In the process of online gesture recognition, the 10 gestures correspond to codes 0~9, for example, “no. 1” corresponds to the code “0” and “first” corresponds to the code “6.” Then, the program will send the code of the experiment result to the intelligent prosthetic hand system. After receiving the instruction signal, the system will convert the signal into the rotation angle of the corresponding steering gear and finally realize the control of the intelligent prosthetic hand.
Figure 15 shows the status of gesture recognition and intelligent prosthetic hand control.

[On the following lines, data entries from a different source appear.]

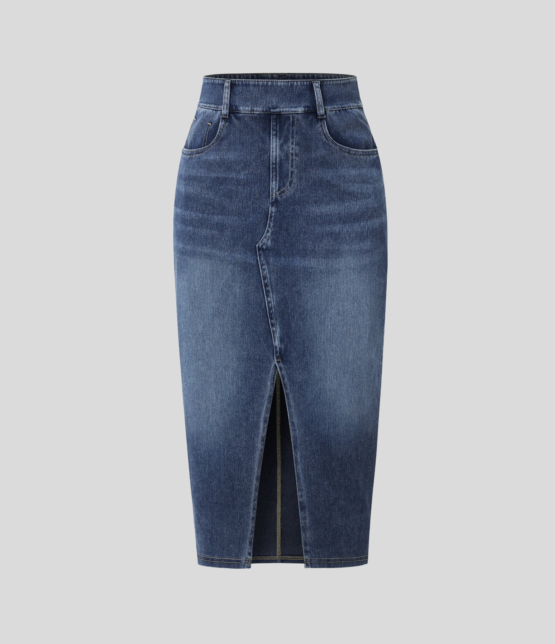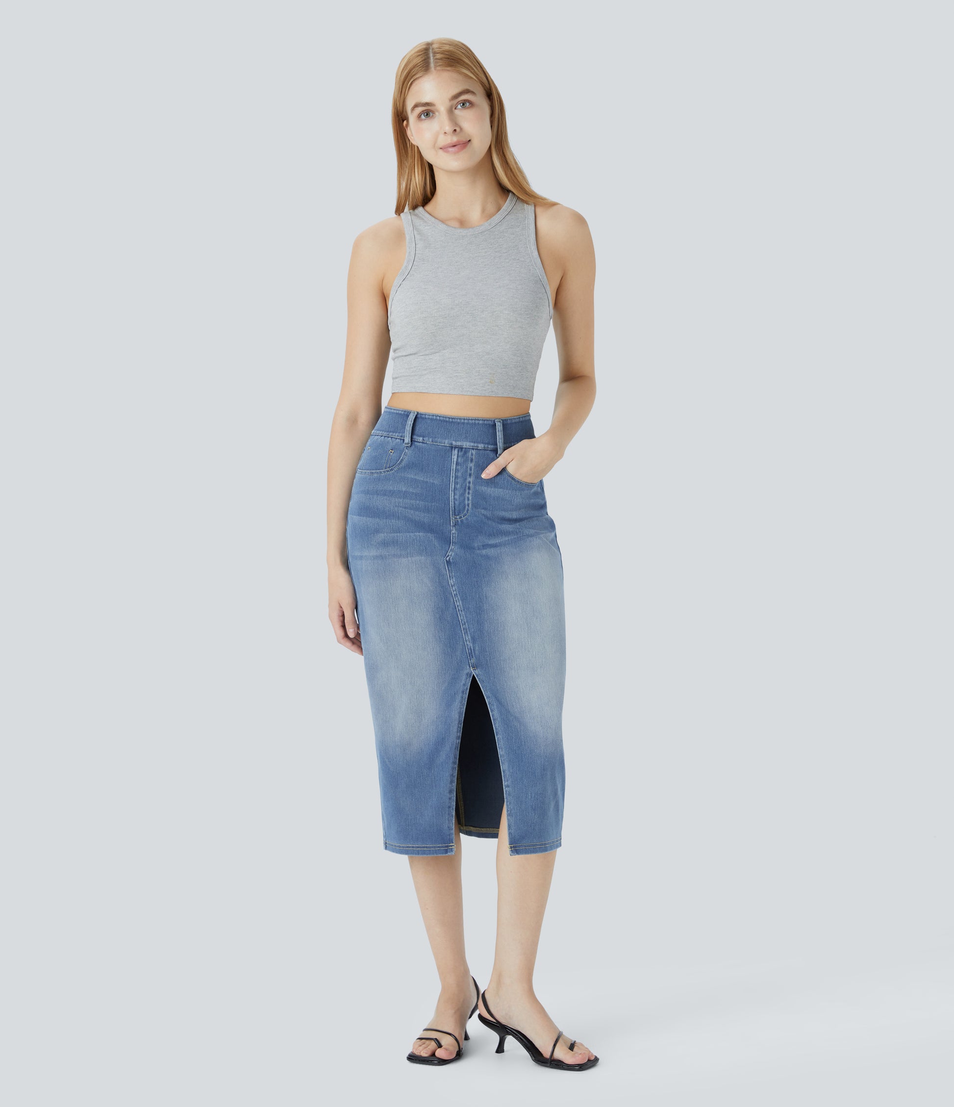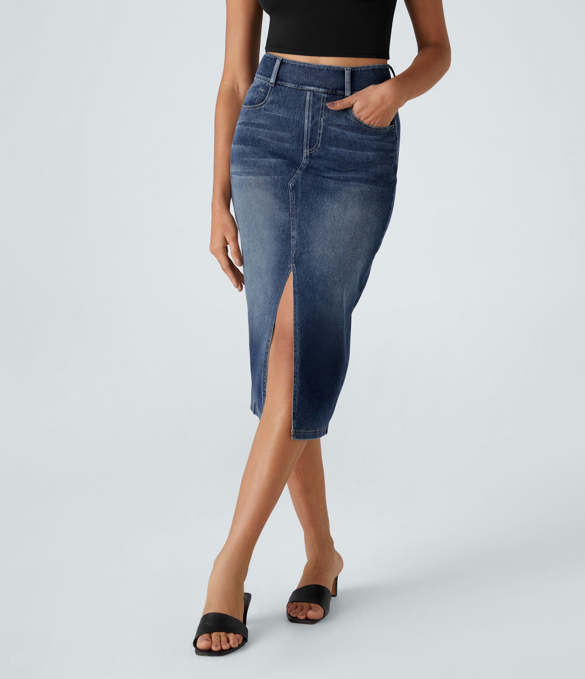 High Waisted Pockets Bodycon Washed Denim Casual Midi Skirt
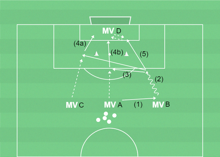 MvA passar bollen till MvB (1) som driver bollen mot målet (2). MvB passar bollen till MvA eller till MvC (3). MvD korrigerar sin position i förhållande till bollen. MvA eller MvC avslutar mot MvD med ett tillslag (4a/4b). MvB kan välja att själv avsluta vilket bör ske mer sällan (5).
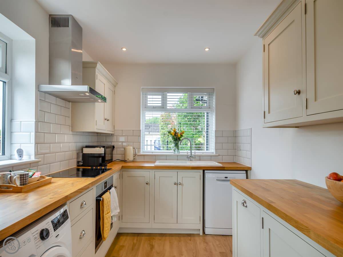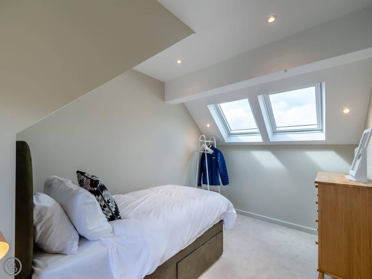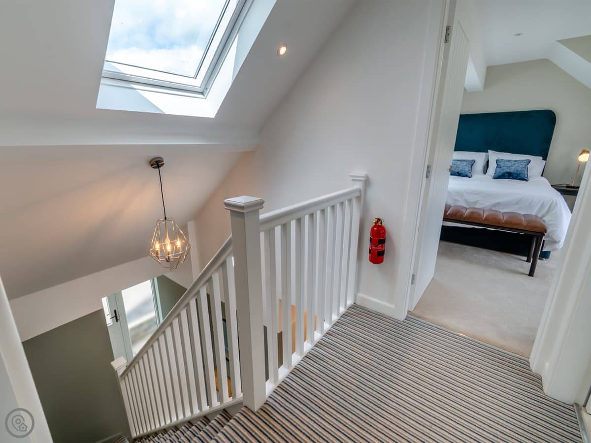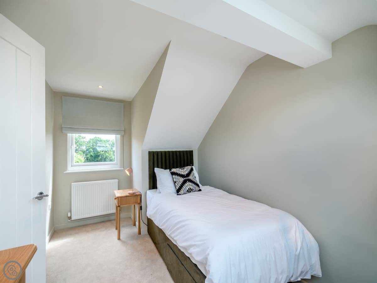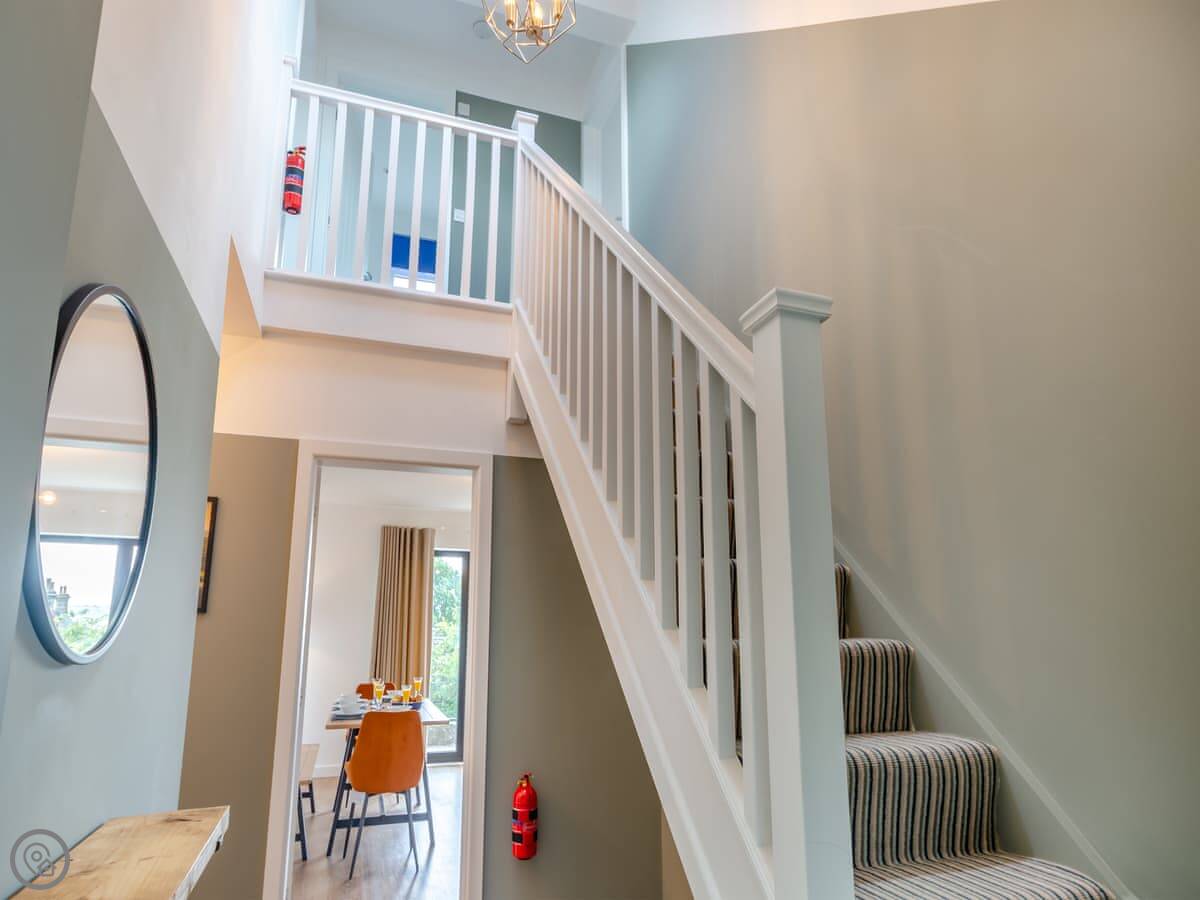 It sleeps five, in three bedrooms. There are two bathrooms, one upstairs and one down, and one of the bedrooms is on the ground floor too. It has a 4 Star rating. It's clean, and feels quite new after the renovation.

A total of 300 controls of the intelligent dummy hand were completed in this experiment. Figure 16 records the number of experiments in which each of the 10 gestures was correctly recognized versus incorrectly recognized. The best recognition was achieved for the “first” and “good,” both of which were correctly recognized up to 29 times, which shows that the distinguishability of the “first” and “good” is higher compared to other gestures. However, no. 4 and no. 6 gestures have a lower recognizability. The reason may be that there are differences in the signal intensities acquired during the sEMG acquisition process, which affects the recognition effect of the system. Therefore, it is very necessary to conduct a unified muscle force training for the subjects before the experiment. Secondly, it may be due to the low degree of distinction between the various hand movements, which can easily be mistaken for other gestures similar to it.

To clearly see the effectiveness of the proposed MSFS-TCND method applied to real-time gesture recognition, in Table 7, we calculate the accuracy, recall, precision, and score for online recognition of 10 gestures. The average online recognition accuracy of 10 gestures reaches 90.0%.
4. Conclusion
Due to the complex and ever-changing environment, the traditional way of controlling robots is gradually revealing its drawbacks. In order to improve the accuracy and efficiency of the control of the robot, this paper proposes a system based on sEMG to control the intelligent prosthetic hand. It can be applied in the field of rehabilitation robot and remote control robot.
The article proposes that the MSFS method can improve the richness of the acquired sEMG by adding virtual sEMG channels. In addition, the deep learning TCN is improved and combined with the MSFS method to improve the accuracy of gesture recognition. The test data demonstrates that the accuracy of real-time gesture recognition is substantially improved by combining MSFS with the improved TCN. Finally, in order to verify the validity of the proposed network, an intelligent robotic system based on 3D printing technology is designed. The intelligent prosthetic hand can accurately respond to the subject’s movement intention.
In future research, try to include the feedback information of the intelligent prosthetic hand, so as to continuously improve the intelligent prosthetic hand system.
Data Availability
The program data used to support the findings of this study are available from the corresponding author upon request.
Conflicts of Interest
The authors declare that there is no conflict of interest regarding the publication of this paper.
Acknowledgments
The authors would like to thank all the colleagues that have supported this work. This work is jointly supported by the Natural Science Foundation of Hebei Province (No. F2021201002 and No. F2021201005), the Science and Technology Project of Hebei Province Education Department (No. ZD2020146), the Postdoctoral Scientific Research Project of Hebei Province (No. B2019005001), the Key Research and Development Program of Baoding Science and Technology Bureau (No. 1911Q001), and the Program for Top 80 Innovative Talents in Colleges and Universities of Hebei Province (No. SLRC2017022).